Firstly, let us define supervised learning. Supervised learning is a type of machine learning where the algorithm learns from labelled data, which means that each input data point is paired with a corresponding target label. The goal of supervised learning is to learn a mapping from inputs to outputs by minimizing the difference between the predicted output and the actual target label. We utilize historical datasets containing both input features and corresponding output labels. By feeding this data into a machine learning model, the model learns to make predictions by comparing its output with the known historical labels. Through an iterative process known as training, the model adjusts its internal parameters to minimize the discrepancy between its predictions and the actual outputs. This iterative refinement enables the model to generalize patterns and relationships from the training data, ultimately improving its predictive accuracy on unseen or future data instances. Common tasks in supervised learning include classification (where the output is a category or class label) and regression (where the output is a continuous value).

Note To The Reader

Machine Learning consists of the following prerequisites:

· A basic grasp of Python Programming, mainly NumPy, Pandas and Matplotlib

· Linear Algebra

· Statistics

· Probability Theory

· Basic Calculus

Lastly, do not let the mathematics in this article scare you. While it is vital to know the mathematics behind the ML algorithms, learning the fundamental theory of such models and how they work is much more important. With a wide array of libraries such as SK-Learn available, implementation is as easy as a four-line code. May this article provide you with the insights and fundamentals needed to implement your ML modules.

How To Train Models

There are two ways to train models in general, we can either use a direct closed-form equation that directly computes the model parameters that best fit the model to the training set by choosing model parameters that minimize the cost function over the training set or use an iterative optimization approach, known as Gradient Descent, which gradually twerks the model parameters to minimize the cost function over the training set, eventually converging to the same set of parameters, just like the first method. This article will focus on the latter training method due its dynamic and robust approach which is more applicable to other more complex models.
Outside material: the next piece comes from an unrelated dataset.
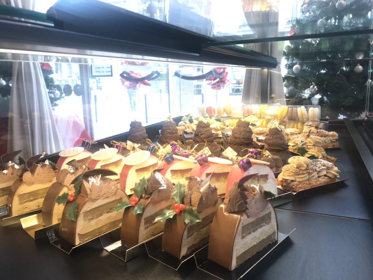 Bûches Exotique, Mousse Mangue, crémeux fruit de la passion, Biscuit madeleine, ananas rôti.
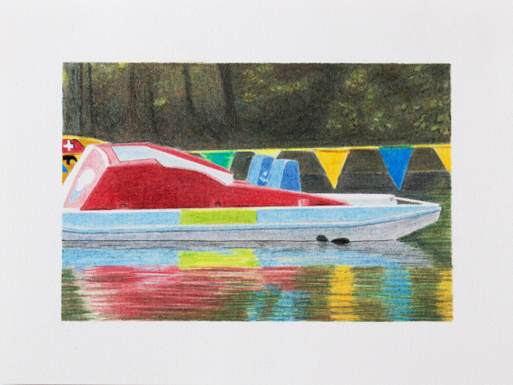 ‘red pedalo, High Wycombe’ 2020: coloured pencil; 20cm x 15cm

Here is a non-technical example I found useful. Suppose you are lost in the mountains in a dense fog, and you can only feel the slope of the ground below your feet. Your objective is to get to ground level and thus, at every step, you consider which direction is the steepest before stepping. Repeat this and go downhill in the direction of the steepest slope. Just like how you consider which direction is the steepest, the Gradient Descent Algorithm measures the local gradient of the cost function with respect to the parameters’ value and it goes in the direction of the descending gradient. This step repeats until the gradient is zero which is when the algorithm signals that the cost function has reached a minimum.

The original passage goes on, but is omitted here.